By Professor Nishan Canagarajah, President and Vice-Chancellor of the University of Leicester
The University of Leicester was founded on a spirit of hope to bring people together and to use the power of education to change lives for the better. Our founding mission drives us to work for the benefit of the local and global community.
That spirit of hope has defined immigration to Leicester throughout the ages, transforming it in the process. In the year that we marked the 50th anniversary of the Ugandan Asians arrival in Leicester, that message of hope has shone through.
The story of the Ugandan Asians is a powerful testimony of hope triumphing over racial division. The expulsion of a community by dictator Idi Amin caused immense hardship and untold pain – yet it was to have a transformative impact on Leicester.
The presence and success of Ugandan Asians in Leicester, together with the impact of other communities, has transformed Leicester’s self-understanding as a city – from resistance to newcomers up to the 1970s, to the current ‘one Leicester’ ethos, which embraces diversity.
And it is true of the University, which was an early pioneer of inclusion – attracting overseas lecturers and students in what was formerly a predominantly white mono-cultural society.
Immigration has played a huge part in enriching the city and the University, and generations have studied at Leicester. Members of the Ugandan Asian community have also supported the University’s fundraising and sat on the University’s governing body.
The story of the Ugandan Asians has been told in a powerful ways though media, art and a wonderful exhibition in the city. It is a story that bears repeating because it provides a salutary lesson about the power of the human spirt to overcome adversity, and demonstrates the importance of inclusion and equality in altering destinies.

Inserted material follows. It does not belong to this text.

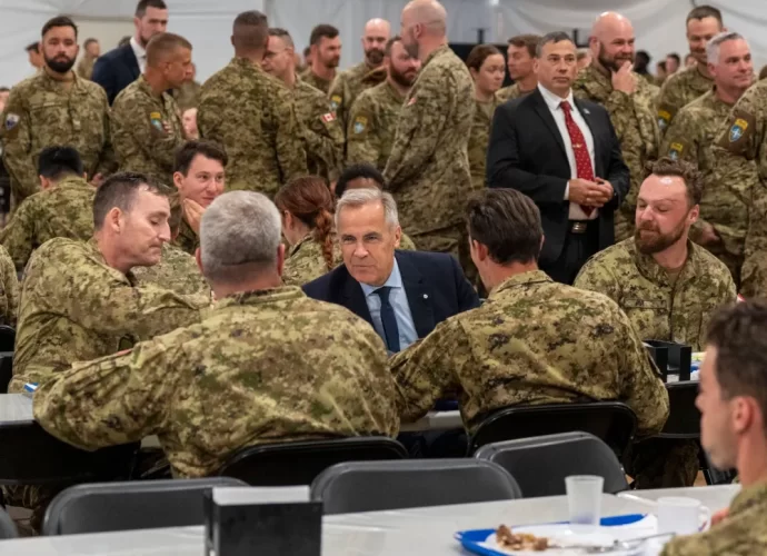 லாட்வியாவின் ஆதாசி இராணுவ தளத்தில் நிலை கொண்டுள்ள படையினரிடம் கார்னி பேசியுள்ளார்.

As an immigrant myself, who never returned to my country of origin that was then torn by civil war, the story of the Ugandan Asians strikes a chord. Even though their plight was a continent away from me, it shows how universal the human experience of displacement can be and how real is the struggle for a sense of identity and a place to call home.
That is why I am so proud of Leicester and why – like so many others from around the world – we have found a place to call home. Led by academic colleagues, the University marked the anniversary of the Ugandan Asians with a series of public events at the University, in local community venues, and at the Leicester Museum, providing a milestone in engagement between us and the diverse communities of the city.
We were proud to welcome the City Mayor who is a great champion and advocate for the city, and to engage with diverse communities. It aligns with the University’s vision to reflect Leicester’s multicultural make-up, and its reputation as a longstanding supporter of migrants and refugees settling into the city. Our research focuses on migration, citizenship, social movements, and engagement. It provides greater knowledge, understanding and insights into the complexities of immigration, settlement and integration.
Ugandan Asians epitomise the values of the University in creating Citizens of Change – they were migrants who came to Leicester and changed it for the better.